| Type: | Package | 
| Title: | Computationally-Efficient Confidence Intervals for Mean Shift from Permutation Methods | 
| Version: | 0.2.3 | 
| Date: | 2022-06-21 | 
| Description: | Implements computationally-efficient construction of confidence intervals from permutation or randomization tests for simple differences in means, based on Nguyen (2009) <doi:10.15760/etd.7798>. | 
| License: | MIT + file LICENSE | 
| Encoding: | UTF-8 | 
| RoxygenNote: | 7.1.2 | 
| Imports: | matrixStats | 
| Suggests: | knitr, rmarkdown | 
| VignetteBuilder: | knitr | 
| Language: | en-US | 
| URL: | https://github.com/ColbyStatSvyRsch/CIPerm/ | 
| BugReports: | https://github.com/ColbyStatSvyRsch/CIPerm/issues | 
| NeedsCompilation: | no | 
| Packaged: | 2022-06-21 12:51:24 UTC; jawieczo | 
| Author: | Emily Tupaj [aut],
  Jerzy Wieczorek | 
| Maintainer: | Jerzy Wieczorek <jawieczo@colby.edu> | 
| Repository: | CRAN | 
| Date/Publication: | 2022-06-21 13:10:10 UTC | 
CIPerm: Computationally-Efficient Confidence Intervals for Mean Shift from Permutation Methods
Description
Implements computationally-efficient construction of
confidence intervals from permutation tests or randomization tests
for simple differences in means.
The method is based on Minh D. Nguyen's 2009 MS thesis paper,
"Nonparametric Inference using Randomization and Permutation
Reference Distribution and their Monte-Carlo Approximation,"
<doi:10.15760/etd.7798>
See the nguyen vignette for a brief summary of the method.
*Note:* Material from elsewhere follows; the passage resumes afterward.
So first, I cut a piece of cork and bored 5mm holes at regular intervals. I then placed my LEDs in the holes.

First use dset to tabulate summary statistics for each permutation.
Then pass the results into cint to compute a confidence interval,
or into pval to calculate p-values.
Details
Our R function arguments and outputs are structured differently
than the similarly-named R functions in Nguyen (2009),
but the results are equivalent. In the nguyen vignette
we use our functions to replicate Nguyen's results.
Following Ernst (2004) and Nguyen (2009), we use "permutation methods" to include both randomization tests and permutation tests. In the simple settings in this R package, the randomization and permutation test mechanics are identical, but their interpretations may differ.
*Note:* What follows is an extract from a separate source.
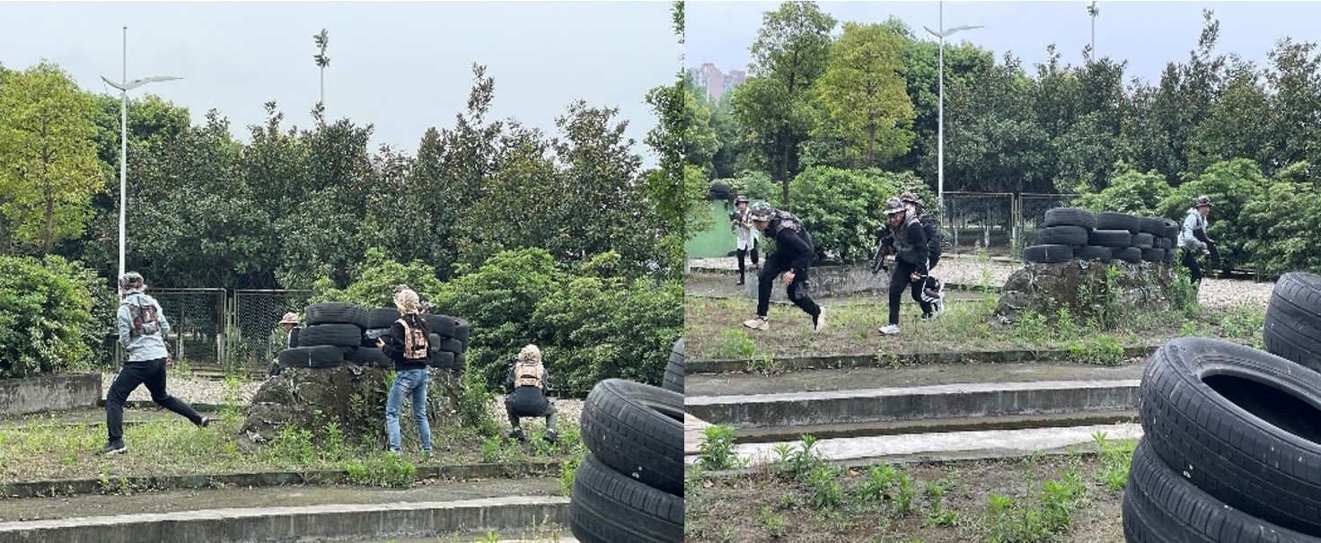 在辅导员张琪老师的指导下,班长董洛妍和团支书刘晓燕同学为大家讲述了 “郭忠田英雄排”零伤亡阻击战、“上甘岭狙神”张桃芳冷枪杀敌、庞国兴三人单挑一个营等党史故事,让大家在素拓开始前了解英雄事迹,以英雄精神激发斗志,全身心投入真人CS战斗中。在焦灼的对战中,双方均未轻言放弃,用实际行动诠释“不抛弃、不放弃”精神,并借助党史故事中的技巧,通过伏击敌方围剿,深入敌营做诱饵争取攻方优势等方式,打造了四场精彩的对战。
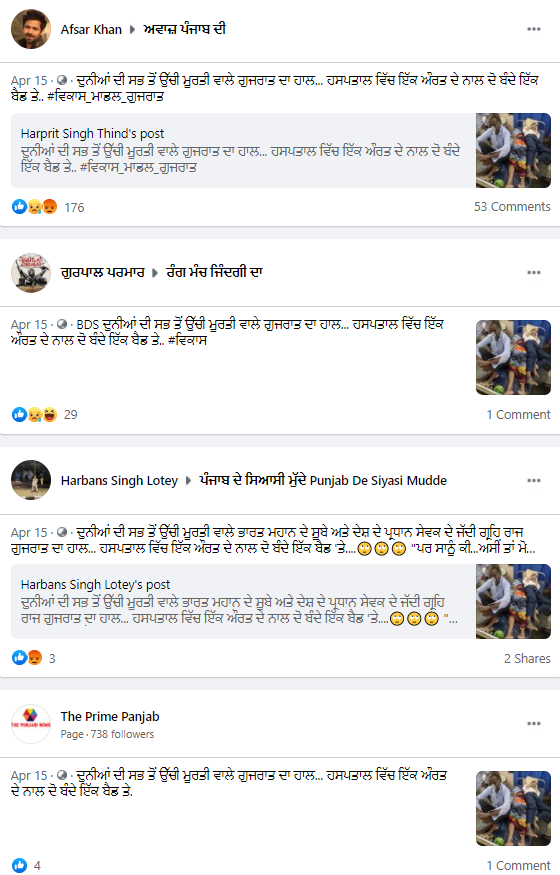 ਫੇਸਬੁੱਕ ਪੇਜ ਅੱਗ ਬਾਣੀ ਨੇ ਇਸ ਤਸਵੀਰ ਨੂੰ ਸ਼ੇਅਰ ਕਰਦੇ ਹੋਏ ਨਰਿੰਦਰ ਮੋਦੀ ਉੱਤੇ ਤੰਜ ਕਸਦਿਆਂ ਲਿਖਿਆ,”ਦੁਨੀਆ ਦੀ ਸਭ ਤੋਂ ਉੱਚੀ ਮੂਰਤੀ ਵਾਲੇ ਗੁਜਰਾਤ ਦਾ ਹਾਲਤ ਹਸਪਤਾਲ ਵਿਚ ਇਕ ਔਰਤ ਦੇ ਨਾਲ ਦੋ ਬੰਦੇ ਇੱਕ ਬੈੱਡ ਤੇ।” ਅਸੀਂ ਪਾਇਆ ਕਿ ਇਸ ਤਸਵੀਰ ਨੂੰ ਹੁਣ ਤਕ 134 ਤੋਂ ਵੱਧ ਲੋਕ ਸ਼ੇਅਰ ਕਰ ਚੁੱਕੇ ਹਨ।

We say "randomization test" under the model where the units are not necessarily a random sample, but the treatment assignment was random. The null hypothesis is that the treatment has no effect. In this case we can make causal inferences about the treatment effect (difference between groups) for this set of individuals, but cannot necessarily generalize to other populations.
By contrast, we say "permutation test" under the model where the units were randomly sampled from two distinct subpopulations. The null hypothesis is that the two groups have identical CDFs. In this case we can make inferences about differences between subpopulations, but there's not necessarily any "treatment" to speak of and causal inferences may not be relevant.
References
Ernst, M.D. (2004). "Permutation Methods: A Basis for Exact Inference," Statistical Science, vol. 19, no. 4, 676-685, <doi:10.1214/088342304000000396>.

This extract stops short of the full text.